YOUR OBJECTIVE :: Nothing outside the range is to be copied. From the entries below, reproduce exactly the lines starting at the one with "美國(guó)設(shè)計(jì)師 Martha Seely" and ending at the one with "CAUTION: To avoid", without pictures.

RECORDS FOR THE TASK ::
━━━━━━━━━━━━━━━━
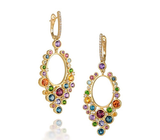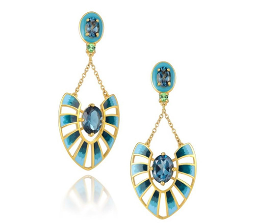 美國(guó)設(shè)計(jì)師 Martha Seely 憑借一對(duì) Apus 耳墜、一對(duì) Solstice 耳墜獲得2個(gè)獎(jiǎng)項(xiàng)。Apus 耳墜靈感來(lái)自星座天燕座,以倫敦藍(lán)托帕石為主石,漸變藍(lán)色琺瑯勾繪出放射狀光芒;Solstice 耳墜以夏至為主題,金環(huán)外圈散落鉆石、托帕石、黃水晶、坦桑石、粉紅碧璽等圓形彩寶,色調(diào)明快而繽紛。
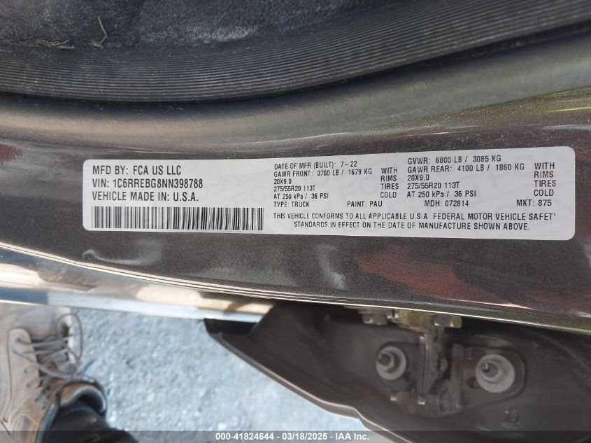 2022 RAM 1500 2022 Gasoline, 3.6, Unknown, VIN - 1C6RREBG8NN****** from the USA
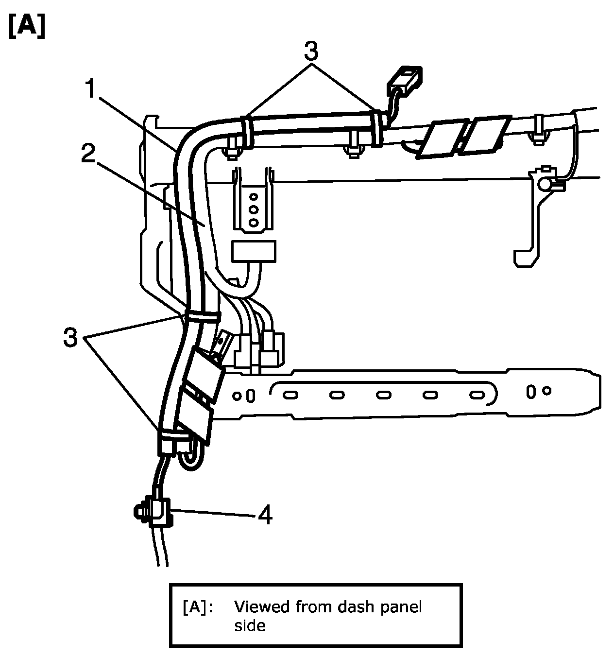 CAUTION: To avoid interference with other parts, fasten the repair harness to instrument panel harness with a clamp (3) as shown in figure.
━━━━━━━━━━━━━━━━
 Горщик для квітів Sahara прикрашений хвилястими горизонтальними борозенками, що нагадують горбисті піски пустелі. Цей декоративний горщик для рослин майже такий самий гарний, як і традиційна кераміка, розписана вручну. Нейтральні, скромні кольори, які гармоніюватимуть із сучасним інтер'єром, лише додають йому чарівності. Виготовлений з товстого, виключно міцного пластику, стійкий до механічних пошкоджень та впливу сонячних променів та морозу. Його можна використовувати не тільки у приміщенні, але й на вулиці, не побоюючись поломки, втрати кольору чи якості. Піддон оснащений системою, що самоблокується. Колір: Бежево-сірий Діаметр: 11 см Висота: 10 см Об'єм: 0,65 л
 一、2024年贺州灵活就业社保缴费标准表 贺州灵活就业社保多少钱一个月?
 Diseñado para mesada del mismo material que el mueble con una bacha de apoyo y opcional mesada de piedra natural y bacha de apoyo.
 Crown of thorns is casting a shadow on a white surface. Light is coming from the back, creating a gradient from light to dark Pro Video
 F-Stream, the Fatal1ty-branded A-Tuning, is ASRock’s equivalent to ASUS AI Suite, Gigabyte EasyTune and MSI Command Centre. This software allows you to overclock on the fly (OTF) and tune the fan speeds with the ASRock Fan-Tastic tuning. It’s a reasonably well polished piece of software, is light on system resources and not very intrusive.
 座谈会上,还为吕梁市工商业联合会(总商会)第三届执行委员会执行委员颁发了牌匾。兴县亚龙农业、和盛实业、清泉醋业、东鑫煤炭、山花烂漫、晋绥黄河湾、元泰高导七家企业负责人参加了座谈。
━━━━━━━━━━━━━━━━
SOLUTION TO THIS TASK ::
 美國(guó)設(shè)計(jì)師 Martha Seely 憑借一對(duì) Apus 耳墜、一對(duì) Solstice 耳墜獲得2個(gè)獎(jiǎng)項(xiàng)。Apus 耳墜靈感來(lái)自星座天燕座,以倫敦藍(lán)托帕石為主石,漸變藍(lán)色琺瑯勾繪出放射狀光芒;Solstice 耳墜以夏至為主題,金環(huán)外圈散落鉆石、托帕石、黃水晶、坦桑石、粉紅碧璽等圓形彩寶,色調(diào)明快而繽紛。
 2022 RAM 1500 2022 Gasoline, 3.6, Unknown, VIN - 1C6RREBG8NN****** from the USA
 CAUTION: To avoid interference with other parts, fasten the repair harness to instrument panel harness with a clamp (3) as shown in figure.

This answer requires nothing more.